The burberry OTK boots that i have are full on leather with lug sole which i love love but i feel suede will be more understated...


Kayapo97 said:


> Amacasa,
> 
> They look very similar to the Brian Atwood Barretta boots I have which I can say feel lovely to wear and fit like a glove! I even wear these occassionally to work
> 
> Brian Atwood currently has his Marilyn boots out which are also suede but have a larger platform and higher heel as below, the platofrm and heels are bit high for me but probably good for wearing in the evening.
> 
> I have also seen some Givenchy suede boots which are available from Yoox that look very nice.


----------



## Mia Bella

amacasa said:


> my oh my mia... fall is officially on and bring them OTK boots that you effortlessly carry all the time...
> Please post more mod pics lady!!!





amacasa said:


> now i see that helmut langs that mia got came in a heeled version!!
> Anybody here has that ???
> please want to hear reviews~!!!



Yay for Fall! We LOVE Fall don't we? Then you get to take out YOUR  beautiful boots too.  Seriously, I truly envy your shoe collection. I would really like to shop in your closet!!

I have more pics on my little blog (link in my  signature) and some other info too including a link to the Helmut Lang F/W 2012 runway show which shows both the flat thigh-high boots (like mine) and the wedge thigh-highs in action. Make sure you put the video to full screen so you can see those boots! The wedges are seriously tdf. 

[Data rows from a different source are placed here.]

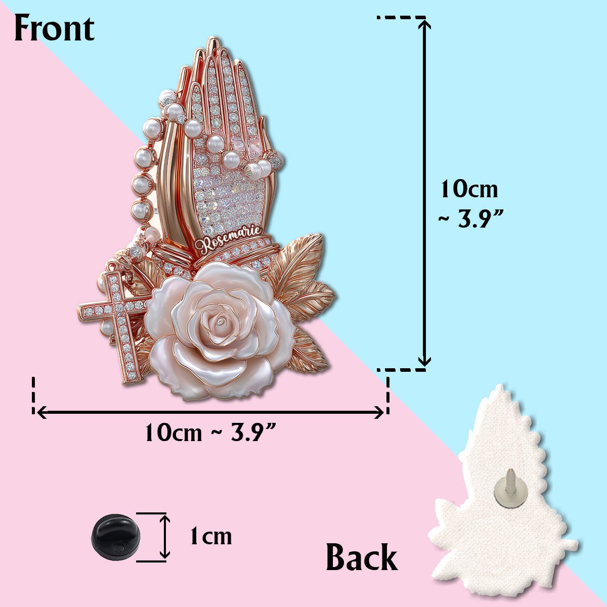 Praying Hands With Roses - Personalized Christian Pin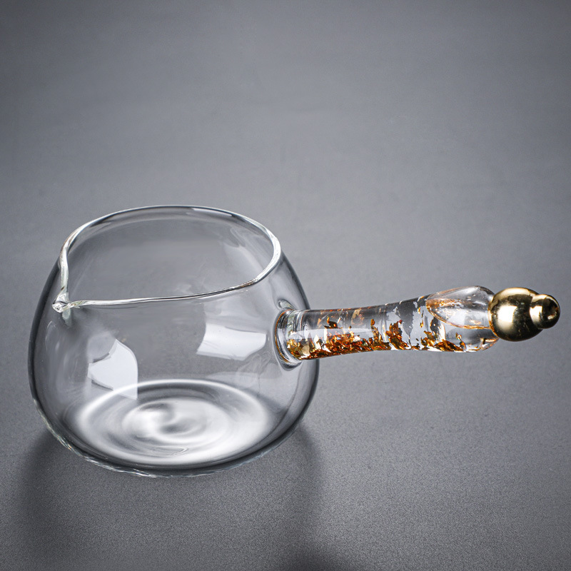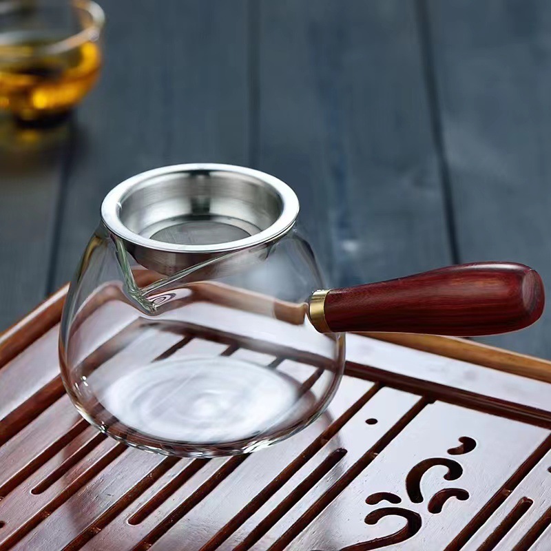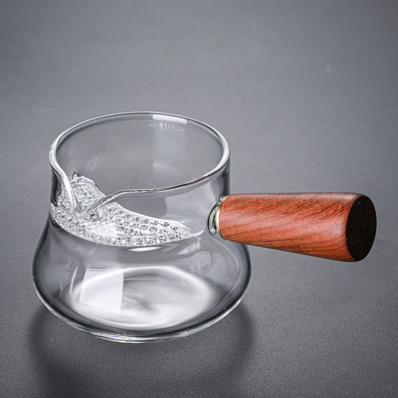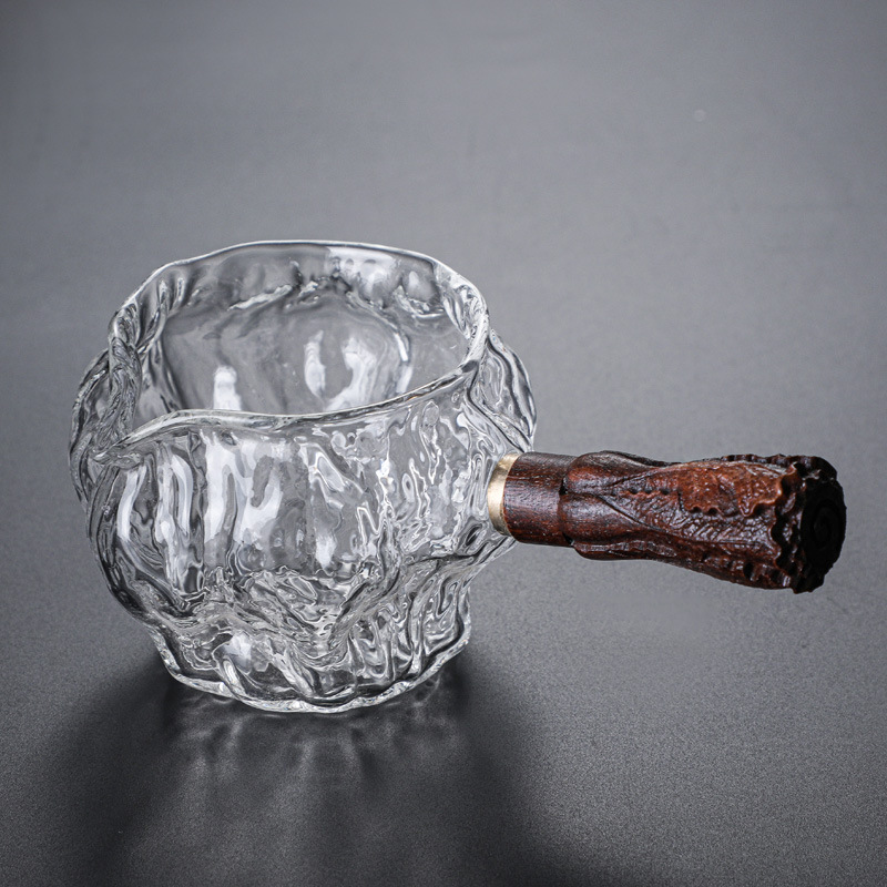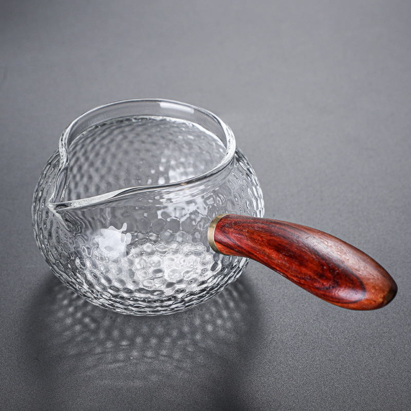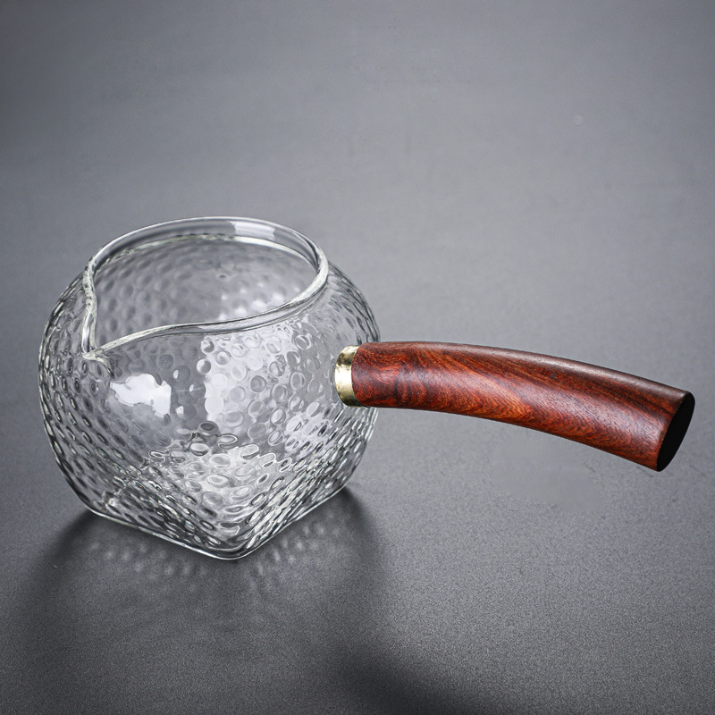 厂家批发木把玻璃公道杯功夫茶具配件分茶器加厚耐热创意侧把公杯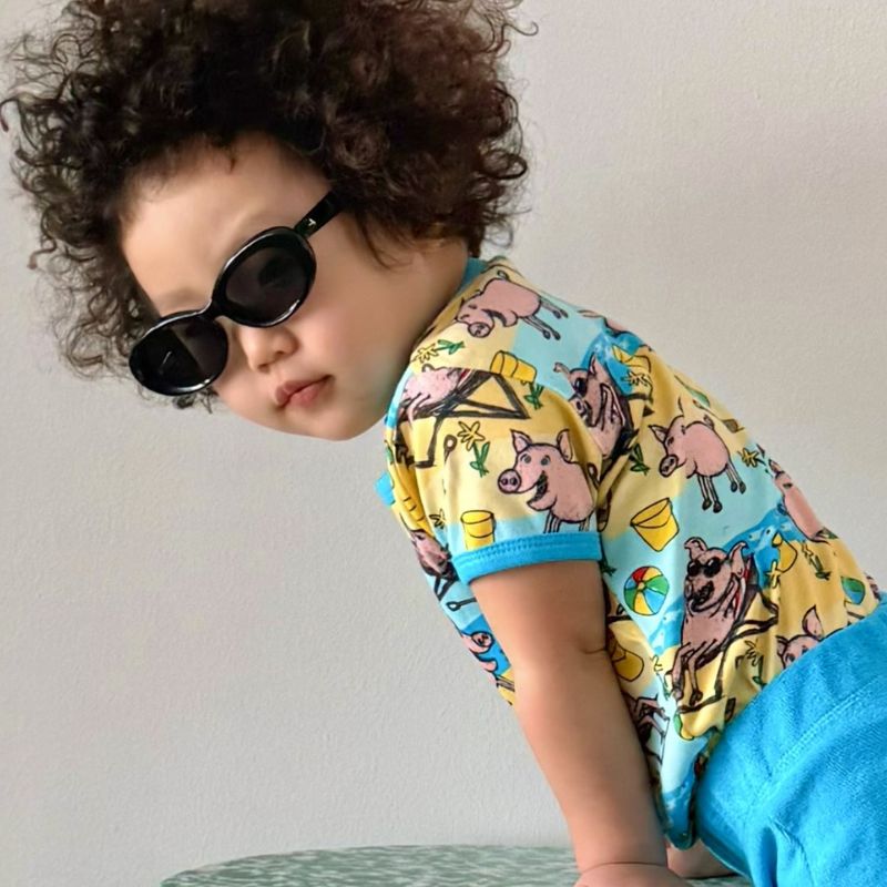 Colourful and quirky t-shirt for boys and girls with pigs at the beach from sustainable Scandinavian label DUNS Sweden.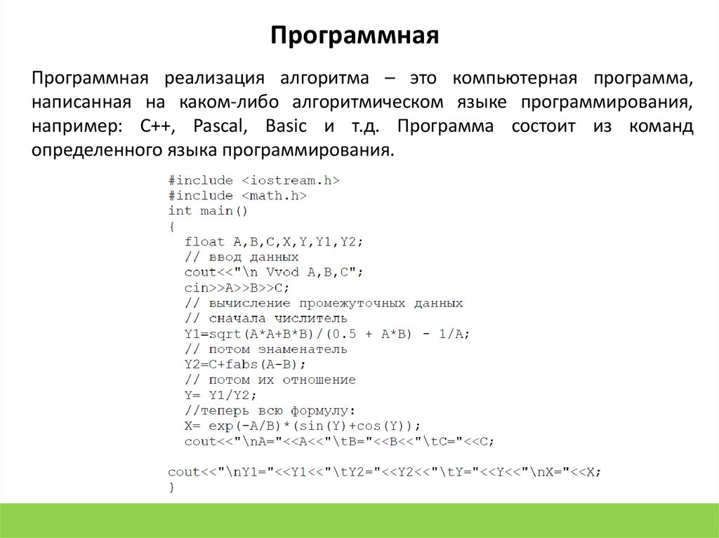 ПрограммнаяПрограммная реализация алгоритма – это компьютерная программа,

The flat boot is TTS and has a little bit wider footbed than the Shaper. Everything else about the boot is exactly like The Shaper except the leather is more suede-y and a little rougher yet polished in some places. It's a very cool look. It kills me seeing that Helmut Lang box in my closet and knowing I can't wear them until late October when it starts to get _kinda_ cool. ush:



amacasa said:


> Ive been wanting a Black Suede OTK for the longest time...
> 
> here is a few that ive been searching high and low for!
> Marant Junnee



These are GORGEOUS. Are they just sold out or are they from a past Season? They are wow.


----------



## am2022

ITA !!! We do love fall so the boots can come out!!! Thanks dear for the sweet words.. you are always welcome to come play in my closet... but lady really my collection is not even worthy of the word " collection" as its nothing compared to other TPF ladies here... but one thing we agree on... come fall, we like similar boots...

Unfortunately the marant junee is from fall 2009.

I almost almost bought it 6 months ago - from a french online auction place for like 1/3 the price but then paypal had some glitches and the following day, it was gone...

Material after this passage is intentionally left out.